(The Subsidiarity Times) In a radio interview with talk show host Brian Wilson of Brian Wilson and the Afternoon Drive, former Governor Jesse Ventura (Reform/Independence-MN), promoting his new book “DemoCRIPS and ReBLOODlicans: No More Gangs in Government”, put forward a very interesting proposition on how to get voters back to voting for individual candidates and what they stand for rather then just a political party, as well as revealing some little-known facts about his own term as governor in Minnesota.
“This could start at the local level. Why do we allow party or gang symbols and names on an election ballot? Turn them into Political Action Committees, the same ways that teachers union, the firemen, whatever, they could still endorse; but they do that by design. By putting the name Republican or Democrat next to the candidate, you don’t even have to know who the candidate is; if you are conservative you go in and look for Republican, if you are liberal, you go in and look for Democrat. If they remove all that, well then it is imperative to the voter then: ‘What does John Smith stand for?’”
This proposition followed a joke that Ventura shared with Wilson where he proposed that a law be made whereby every political candidate would be required to wear a NASCAR racing suit adorned with the names/symbols of all of his sponsors so the voters could then become informed voters and so know who “owns’ each particular candidate.
Further on in the interview, Ventura revealed some rather interesting facts about his own campaign for governor and his term as governor in Minnesota. He first revealed that he pulled off the impossible by getting Republicans and Democrats to unite together to oppose him during his last year as governor.
“Who else in the country can accomplish that today? Nobody” said Ventura, referencing the gridlock currently going on in Washington D.C.

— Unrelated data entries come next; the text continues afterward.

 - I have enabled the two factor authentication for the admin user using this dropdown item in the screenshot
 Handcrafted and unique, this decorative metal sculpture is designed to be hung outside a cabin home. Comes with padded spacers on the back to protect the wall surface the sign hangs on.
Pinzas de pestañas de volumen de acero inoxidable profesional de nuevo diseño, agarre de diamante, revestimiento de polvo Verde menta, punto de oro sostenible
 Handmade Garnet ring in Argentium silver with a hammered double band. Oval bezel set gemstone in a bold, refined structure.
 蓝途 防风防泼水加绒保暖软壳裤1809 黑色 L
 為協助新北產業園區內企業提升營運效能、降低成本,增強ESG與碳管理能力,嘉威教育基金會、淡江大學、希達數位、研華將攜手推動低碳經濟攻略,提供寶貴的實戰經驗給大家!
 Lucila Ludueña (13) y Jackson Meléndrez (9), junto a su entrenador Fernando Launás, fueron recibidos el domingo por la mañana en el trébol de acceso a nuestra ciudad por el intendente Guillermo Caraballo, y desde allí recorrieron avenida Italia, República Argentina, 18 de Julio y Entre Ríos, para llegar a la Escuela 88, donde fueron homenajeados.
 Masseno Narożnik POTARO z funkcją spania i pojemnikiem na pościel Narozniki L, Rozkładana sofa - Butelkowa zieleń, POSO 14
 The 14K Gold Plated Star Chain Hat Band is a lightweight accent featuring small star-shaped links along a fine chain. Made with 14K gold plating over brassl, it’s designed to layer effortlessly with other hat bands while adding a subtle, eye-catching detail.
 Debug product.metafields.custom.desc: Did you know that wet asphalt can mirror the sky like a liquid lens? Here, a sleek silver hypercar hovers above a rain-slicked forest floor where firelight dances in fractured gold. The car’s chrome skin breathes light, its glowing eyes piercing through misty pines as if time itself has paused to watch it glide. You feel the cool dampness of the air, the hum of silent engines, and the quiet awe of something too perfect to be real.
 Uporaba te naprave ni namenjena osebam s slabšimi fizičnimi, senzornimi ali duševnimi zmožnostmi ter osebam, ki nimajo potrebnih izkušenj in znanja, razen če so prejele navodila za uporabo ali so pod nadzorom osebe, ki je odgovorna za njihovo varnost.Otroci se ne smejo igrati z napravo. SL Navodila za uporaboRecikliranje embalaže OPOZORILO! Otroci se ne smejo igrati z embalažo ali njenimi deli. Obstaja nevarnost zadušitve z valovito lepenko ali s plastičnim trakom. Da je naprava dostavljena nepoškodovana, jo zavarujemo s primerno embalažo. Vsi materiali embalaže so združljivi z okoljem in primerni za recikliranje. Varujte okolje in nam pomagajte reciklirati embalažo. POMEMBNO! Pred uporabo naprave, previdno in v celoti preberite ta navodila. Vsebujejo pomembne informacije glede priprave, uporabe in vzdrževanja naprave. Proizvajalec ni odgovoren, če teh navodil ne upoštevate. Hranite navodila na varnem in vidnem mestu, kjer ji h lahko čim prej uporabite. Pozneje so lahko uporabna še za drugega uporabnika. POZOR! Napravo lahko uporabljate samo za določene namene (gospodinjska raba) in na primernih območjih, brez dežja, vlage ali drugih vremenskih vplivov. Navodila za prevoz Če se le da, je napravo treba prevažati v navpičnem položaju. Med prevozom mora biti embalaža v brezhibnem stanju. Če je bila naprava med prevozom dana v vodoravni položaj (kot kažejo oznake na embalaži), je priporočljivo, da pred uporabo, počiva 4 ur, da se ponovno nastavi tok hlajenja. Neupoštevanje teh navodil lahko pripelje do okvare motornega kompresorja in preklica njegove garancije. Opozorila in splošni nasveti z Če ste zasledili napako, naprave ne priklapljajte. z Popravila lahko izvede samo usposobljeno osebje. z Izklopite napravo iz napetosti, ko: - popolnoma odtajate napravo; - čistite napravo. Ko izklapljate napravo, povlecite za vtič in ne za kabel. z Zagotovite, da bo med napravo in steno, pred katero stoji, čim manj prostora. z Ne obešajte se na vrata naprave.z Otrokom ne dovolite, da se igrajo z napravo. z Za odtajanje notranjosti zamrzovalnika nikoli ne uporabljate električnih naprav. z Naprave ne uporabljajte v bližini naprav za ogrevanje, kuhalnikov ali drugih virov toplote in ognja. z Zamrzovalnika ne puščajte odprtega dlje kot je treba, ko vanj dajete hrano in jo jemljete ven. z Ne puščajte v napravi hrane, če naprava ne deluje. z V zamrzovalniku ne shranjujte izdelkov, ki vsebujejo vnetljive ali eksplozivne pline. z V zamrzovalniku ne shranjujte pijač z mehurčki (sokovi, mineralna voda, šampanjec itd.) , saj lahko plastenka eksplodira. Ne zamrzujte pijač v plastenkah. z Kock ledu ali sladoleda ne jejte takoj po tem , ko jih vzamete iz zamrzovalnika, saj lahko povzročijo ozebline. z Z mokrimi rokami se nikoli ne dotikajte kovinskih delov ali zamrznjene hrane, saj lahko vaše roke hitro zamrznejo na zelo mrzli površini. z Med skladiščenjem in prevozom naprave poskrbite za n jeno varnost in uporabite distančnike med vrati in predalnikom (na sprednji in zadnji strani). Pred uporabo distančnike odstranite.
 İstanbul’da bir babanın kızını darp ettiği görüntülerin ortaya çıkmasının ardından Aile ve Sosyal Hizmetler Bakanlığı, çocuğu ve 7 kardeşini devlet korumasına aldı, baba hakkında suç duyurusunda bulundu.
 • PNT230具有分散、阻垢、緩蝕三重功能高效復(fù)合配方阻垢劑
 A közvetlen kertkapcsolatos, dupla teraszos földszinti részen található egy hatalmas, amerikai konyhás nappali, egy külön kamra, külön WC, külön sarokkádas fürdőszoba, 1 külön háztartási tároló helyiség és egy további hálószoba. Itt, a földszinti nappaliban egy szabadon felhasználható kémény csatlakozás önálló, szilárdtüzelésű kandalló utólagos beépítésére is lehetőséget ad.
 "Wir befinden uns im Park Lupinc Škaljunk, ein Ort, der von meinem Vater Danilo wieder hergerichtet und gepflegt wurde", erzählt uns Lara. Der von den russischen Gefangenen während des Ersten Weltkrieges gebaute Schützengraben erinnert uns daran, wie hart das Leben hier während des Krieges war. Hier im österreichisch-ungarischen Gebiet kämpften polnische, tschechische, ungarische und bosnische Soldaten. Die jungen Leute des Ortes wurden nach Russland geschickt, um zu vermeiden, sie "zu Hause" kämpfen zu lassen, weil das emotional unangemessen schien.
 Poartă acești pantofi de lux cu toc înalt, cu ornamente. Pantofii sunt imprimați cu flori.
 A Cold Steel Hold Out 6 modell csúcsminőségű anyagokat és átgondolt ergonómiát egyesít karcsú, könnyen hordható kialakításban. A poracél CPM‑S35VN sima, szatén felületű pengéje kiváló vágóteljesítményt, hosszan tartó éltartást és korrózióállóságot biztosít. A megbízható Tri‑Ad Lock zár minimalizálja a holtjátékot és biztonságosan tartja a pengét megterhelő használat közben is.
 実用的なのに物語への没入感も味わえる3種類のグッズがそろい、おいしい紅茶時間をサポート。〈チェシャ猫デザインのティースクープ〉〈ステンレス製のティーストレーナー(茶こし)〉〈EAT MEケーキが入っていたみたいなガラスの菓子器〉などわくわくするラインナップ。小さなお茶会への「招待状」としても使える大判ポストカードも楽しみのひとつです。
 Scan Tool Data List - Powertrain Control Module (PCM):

Ventura then added a couple more fascinating facts “Let me go back to my campaign for a minute. I never took over fifty or a hundred dollars. I didn’t take any PAC money from any special interest group; and get this, here is what the media doesn’t want the public to know about my campaign in Minnesota: I only raised three hundred thousand dollars to become governor. So I bet I am the only elected official in fifty years in a major election, Governor, Congress, anything like that, who actually made more money doing the job then what I spent to get it…and because I didn’t take special interest (money), I am also the only governor or whatever in my four years, I never met with a lobbyist once.”